Ghost-hunters might have an interesting time at Fort Monroe,
with a few celebrity ghosts for good measure!
Fort Monroe is a six-sided enclosure, within a moat, on a
peninsula overlooking Chesapeake Bay in Virginia, USA. It covers a huge area
(more than 500 acres) and contains more than 150 buildings, many of them of
historical interest. It has been associated with several ghostly sightings,
some of them being of well-known people who have been incarcerated there.
One of these was Jefferson Davis, the President of the
Confederate States who was taken to Fort Monroe in shackles in 1865 after he
had led the losing side in the American Civil War. His wife Varina later joined
him and pleaded that, because his health was failing fast, he be allowed to die
in peace in a private apartment rather than a prison cell. However, Davis
survived the experience and lived for another 24 years. Despite not dying
anywhere near Fort Monroe, the ghosts of both Jefferson Davis and his wife are said
to haunt the fort, with Davis being seen in his former cell and Varina in the
bedroom of a house that had a view of the prison block.
Another famous name associated with Fort Monroe is Edgar
Allan Poe, who was there for four months in 1829 as part of his short military
career before he became a full-time writer. Poe’s ghost is said to have been
seen in the building that was his former barracks. Perhaps it is not
coincidental that, during his time at Fort Monroe, Poe wrote “The Cask of
Amontillado”, which is a story about a military man who is walled up in an
empty stone building.
Another ghost is that of the “Light Lady”. This is Camille
Kirtz. Her husband found her with her French lover on a lane within the fort.
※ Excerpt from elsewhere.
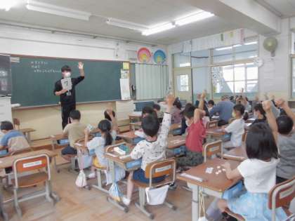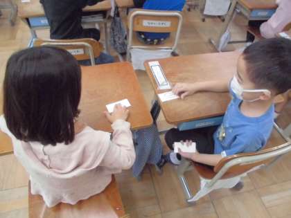 二人組でカードを出し合い,どちらの数字が大きいか,ゲームをしながら考えました。
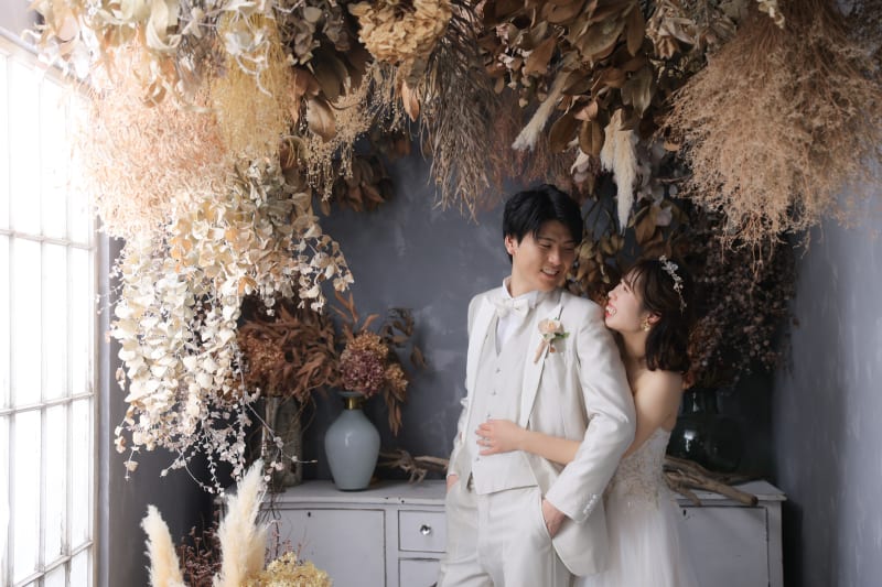 ドライフラワーに囲まれる背景では窓からの光でとても明るくなります!

He shot at both of them, but although the lover escaped Camille was not so
lucky and was killed. Her ghost wanders forever in a grove of oak trees as she
searches for her lover.
Two ghost children have also been spotted, and it is
believed by some people that they seek out real children to play with. The
story goes that they died, either of disease or hunger, within the walls of
Fort Monroe. One is seen in an upstairs room of a house next to the moat of the
fort, while the other is in the basement of a house that belonged to a former
soldier.
Whatever the truth of these stories, Fort Monroe is very
much on the American ghost-hunter’s trail as a place of interest.